Ti devo chiarire anche cosa c’è stato con Maurice, tu stesso hai notato che c’era qualcosa di strano. Buffo no? Tu che mi presenti ad un tuo cliente, credendo che sia la prima volta che ci vediamo ed invece… ci stanno un fottio d’anni in cui Julia e Maurice si sono annusati a vicenda. Una storia strana, ma in sincerità… è così. Lui è stato per tanto tempo un pensiero, un’inspiegabile ma tangibile corrente.
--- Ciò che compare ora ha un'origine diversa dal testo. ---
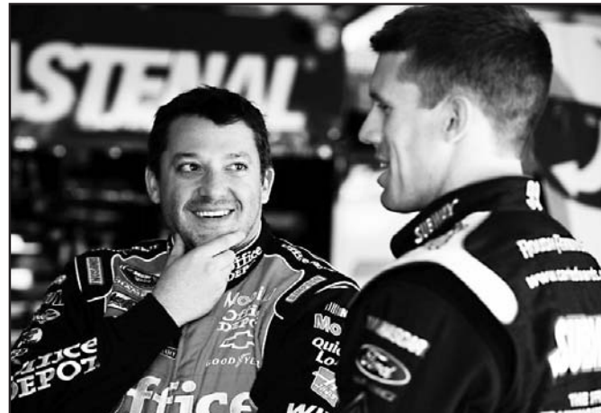
Tony Stewart talks with Carl Edwards after his California Cup win

The victory was Logano's first of the season, second at Fontana and the 10th of his career. Logano is the first Sprint Cup Series regular to win a Nationwide race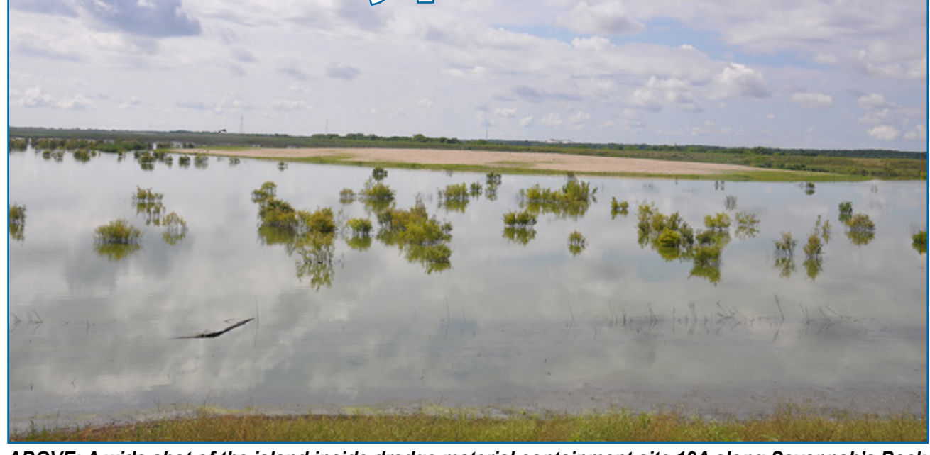
ABOVE: A wide shot of the island inside dredge material containment site 12A along Savannah's Back River. The manmade island boasts the largest colony of least terns in South Carolina, which are listed as threatened, and also provides nesting areas for black skimmers and gull-billed terns, which are listed as a species of concern, a classification just below threatened, in South Carolina. BELOW: Birds face into the wind at Tybee Island.

Males exhibit this behavior to attract mates and show they can bring home the

Dopo il mio soggiorno in prigione mi sono trovata davanti ad una realtà ancora più brutta di quella che ricordavo e quando me lo hai presentato mi sono paralizzata… ma tu eri lì, questo mi ha dato sicurezza  e sono riuscita a fingere.

Poi quando me lo sono trovata davanti e tu non c’eri, allora ho avuto paura e rabbia; come nelle ultime scene del “collezionista”, quando lei in cucina si trova sola con lui, di cui si fida e poi capisce, perché è lui a dirglielo, che è il suo aguzzino. C’è un momento in cui, brandendo il coltello, riamane ferma, poi trema ed alla fine reagisce. Mi sono sempre chiesta se è così, se è plausibile… insomma cosa si fa davanti a ciò.
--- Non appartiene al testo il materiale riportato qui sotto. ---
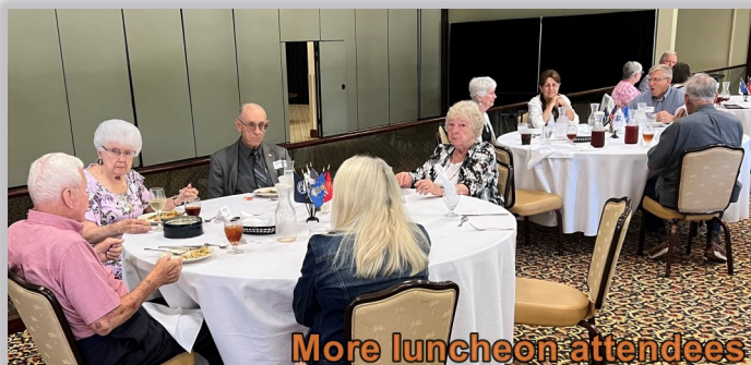
More luncheon attendees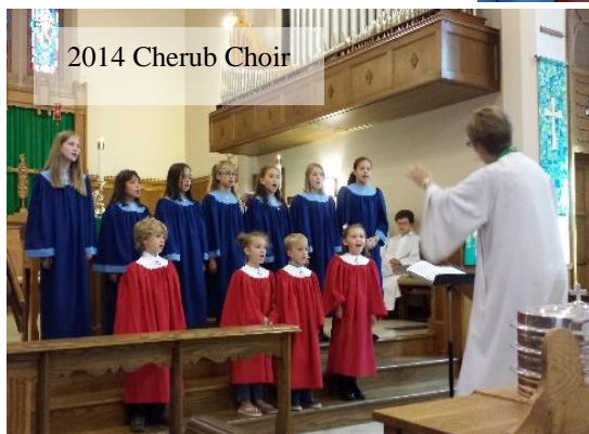
2014 Cherub Choir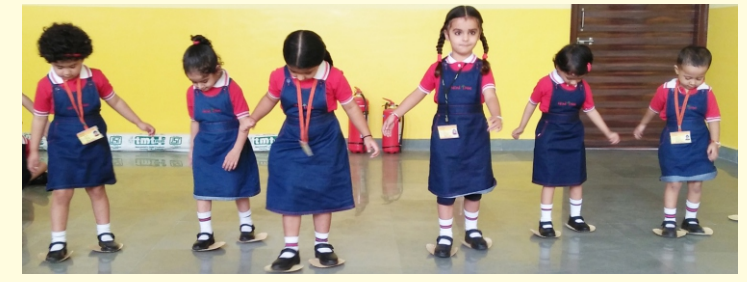
August 11, 2017: Paper Plate Skating Race - Nursery:

"Winning is not everything, but making the effort is". For a long time, sports have been viewed as a way to stay healthy and in shape, but their importance goes much further. As a matter of fact, sports teach life lessons like discipline, responsibility, self-confidence, concentration, enhanced memory, stimulated creativity and better developed problem solving skills. We, at Mind Tree, take care of all these things and in this context we keep on conducting sports competitions. Children who bagged positions were: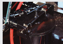
One Gallon Basket Strainer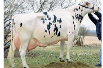
Gold-N-Oaks Duster Cindy VG-88

Tricky Red x VG-86 Ranger-Red x GP-84 Riveting x EX-91 Superhero x Silver x GP-82 Supersire x VG-87 Bookem x VG-88 Man-O-Man x VG-89 Shottle x EX-94 Morty

Senza rocambolesche evoluzioni, io sono rimasta lì, muta sotto il suo sguardo… poi ho avuto la forza di guardarlo… senza cedere.

Ero consapevole che la questione della ristrutturazione di quella villa era un cappio, e purtroppo dovrete renderne conto a Girodelle, certo è… che voi non potevate sapere a cosa sarebbe servita la loro “casa dei giochi”.
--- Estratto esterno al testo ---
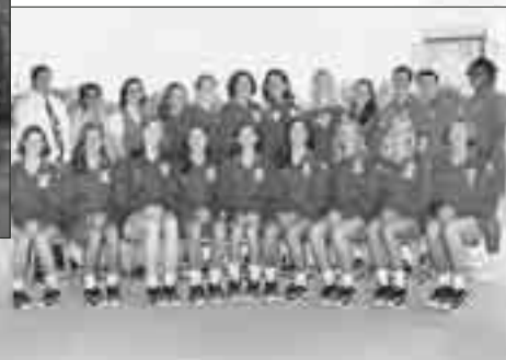
1997 BIG EAST Champions NCAA Round of 16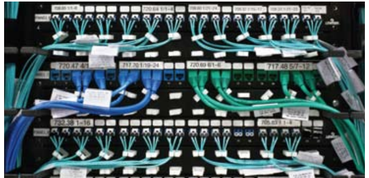
Leviton patch panels, connectors, and patch cords provide copper and fiber connectivity throughout the CBTS data centers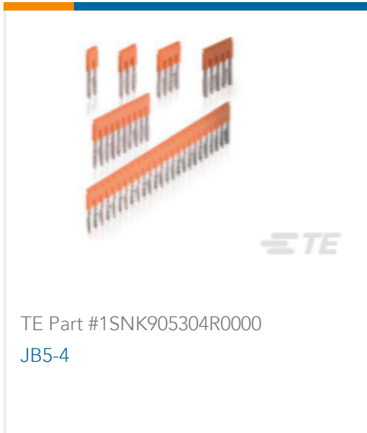
TE Part #1SNK905304R0000 JB5-4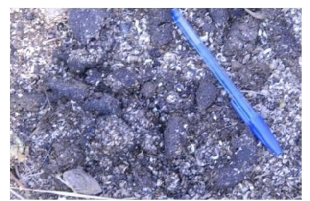
Figure 3: One of the civetries in the study area. Note the presence of large number of intact seeds and remains of invertebrates in the droppings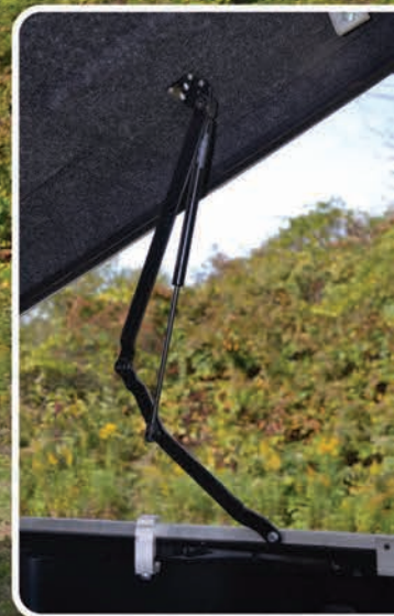
SPORT LID LIFT- ASSIST SYSTEM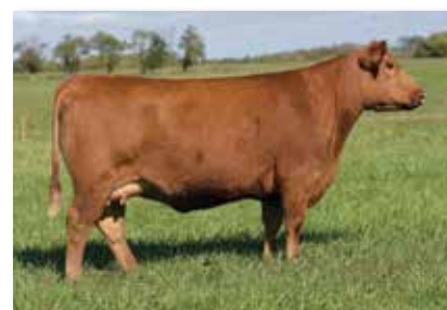
LACY LAKOTA 7097 482 - SISTER TO LOT 10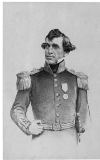
Figure 1. Robert McCormick in 1852. This image was used as the frontispiece of his autobiography and is described as a lithograph enlarged from a daguerreotype (McCormick 1884: 1 : ix).

Il peggio è Julian, non so neanche cosa mi abbia trattenuto dal piombargli in casa e fracassargli quella testa. Sono subdola, non l’ho fatto, perché spero che lo faccia da solo, in fondo è un pavido…

Sono un disastro, mi perdo in queste righe e non riesco a seguire un filo logico, come se potessi avere davanti ancora tanto tempo.

Credi Alain, credi a noi, lascia stare le parole, soprattutto le mie, credi solo a noi, a quello che siamo insieme.

Oggi è venerdì, è già sera ed ho finito il lavoro in redazione, tra poco passerai a prendermi, ad un orario civile… dato che ho già registrato il capitolo della radio. Questa sarà la nostra ultima sera, spero di riuscire a trovare un attimo solo in cui dirti quelle famose parole.

Ti ricordi la famosa unità aristotelica? Unità di spazio, tempo e azione, beh vorrei fosse tale. Le ho lì, spero di trovare la giusta coincidenza, di riuscire a far coincidere fatti, tempo e parole in un senso assoluto, che può essere letto solo in quel modo e non in altri.

Ci spero.

Credi Alain, credimi, sei la parte migliore della vita ed anche se breve non posso neanche pensare di rinunciarci. Credi Alain, credi ai nostri silenzi, agli abbracci, alla nostra carne. Con te non sono brava con le parole, spero di esserlo nei fatti, con i gesti.

 

Tua

Julia

 

p.s. Ti lascio un indirizzo, oltre che ad un nome. Lo conosci, adesso si trova in Venezuela… mi sono sempre chiesta perché l’hai lasciato andare. Fanne quello che vuoi… A me viene male al solo pensiero che lui non sappia, che nemmeno s’immagini che fine abbia fatto Diane. Sono una gran bastarda, lo so, ma io glielo direi… lo farei nella speranza di lasciarlo ai morsi spietati della coscienza. Tutti hanno una coscienza, magari l’addormentano un po’, però all’improvviso salta fuori e non ci si può nascondere. Non sarà giustizia…

 

p.p.s. perdona se chiudo queste parole con un pensiero così poco romantico e tanto doloroso. Ti stimo.

Alla fine di tutta questa storia ti lascio con un verso:

chi vuol essere lieto sia

Ricordati e credimi quando ti dico che sono felice di averti incontrato, conosciuto ed amato. Pensa che triste se ci fossimo solo sfiorati, come due sconosciuti in mezzo alla strada, per poi continuare ognuno a testa bassa, verso la propria meta. Sii lieto Alain.

Sempre tua

J.”

 

I fogli rimangono stretti nelle mani, immobili ed il fiato è rotto.

Il ricordo è crudele quando ti mette davanti a quei fatti che non vorresti mai più vedere e, invece, gli occhi della mente continuano a registrare quella scena.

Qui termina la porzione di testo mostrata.